PROBLEM TO SOLVE
Only the lines below between the ones containing "Sivil savunma ekiplerinin, enkaz" and "Cat 8 Ethernet", inclusive, are to be reproduced, each exactly as it stands.

INFORMATION PROVIDED
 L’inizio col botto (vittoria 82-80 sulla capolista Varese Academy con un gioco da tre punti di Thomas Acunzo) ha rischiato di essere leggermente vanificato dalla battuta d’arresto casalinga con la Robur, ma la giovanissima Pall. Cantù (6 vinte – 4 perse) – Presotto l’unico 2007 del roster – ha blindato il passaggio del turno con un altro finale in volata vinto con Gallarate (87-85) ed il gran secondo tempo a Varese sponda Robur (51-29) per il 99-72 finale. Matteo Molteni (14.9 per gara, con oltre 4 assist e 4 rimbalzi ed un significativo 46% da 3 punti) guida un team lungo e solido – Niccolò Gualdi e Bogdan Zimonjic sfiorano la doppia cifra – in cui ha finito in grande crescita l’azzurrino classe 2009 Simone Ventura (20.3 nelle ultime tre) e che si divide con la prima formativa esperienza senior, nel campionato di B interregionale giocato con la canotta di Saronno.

...

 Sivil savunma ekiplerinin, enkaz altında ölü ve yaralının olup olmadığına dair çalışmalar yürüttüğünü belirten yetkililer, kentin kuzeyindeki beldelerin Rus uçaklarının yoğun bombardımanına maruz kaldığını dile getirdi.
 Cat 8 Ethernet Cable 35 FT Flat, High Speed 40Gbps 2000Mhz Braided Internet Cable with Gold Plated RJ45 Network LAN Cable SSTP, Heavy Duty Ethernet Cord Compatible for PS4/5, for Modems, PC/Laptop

==

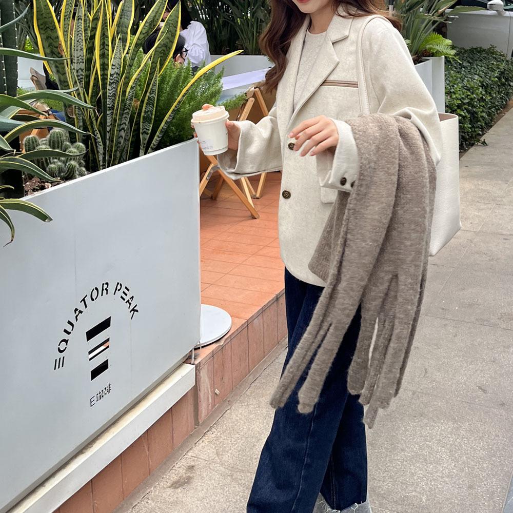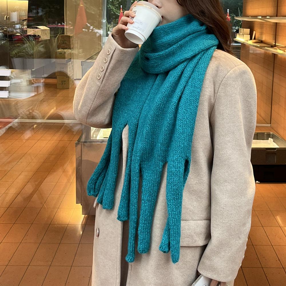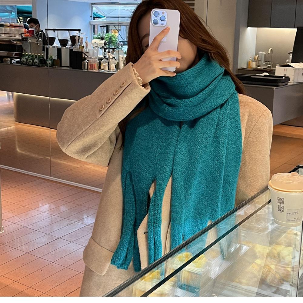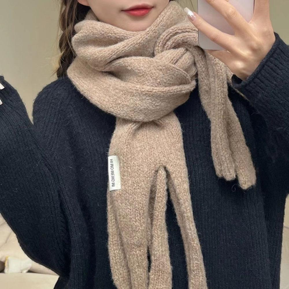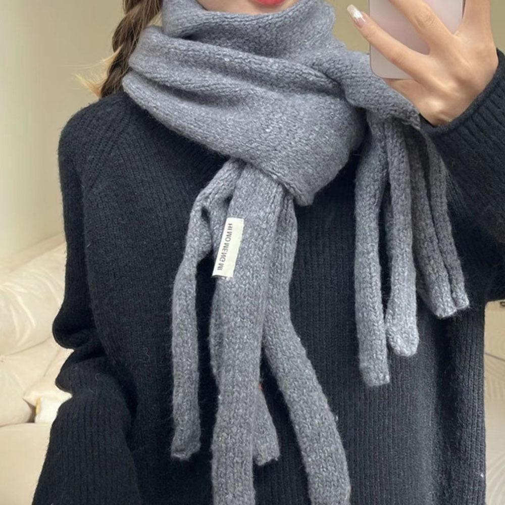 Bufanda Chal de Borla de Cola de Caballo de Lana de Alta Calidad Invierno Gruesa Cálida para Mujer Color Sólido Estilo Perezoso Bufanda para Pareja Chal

TASK OUTPUT
 Sivil savunma ekiplerinin, enkaz altında ölü ve yaralının olup olmadığına dair çalışmalar yürüttüğünü belirten yetkililer, kentin kuzeyindeki beldelerin Rus uçaklarının yoğun bombardımanına maruz kaldığını dile getirdi.
 Cat 8 Ethernet Cable 35 FT Flat, High Speed 40Gbps 2000Mhz Braided Internet Cable with Gold Plated RJ45 Network LAN Cable SSTP, Heavy Duty Ethernet Cord Compatible for PS4/5, for Modems, PC/Laptop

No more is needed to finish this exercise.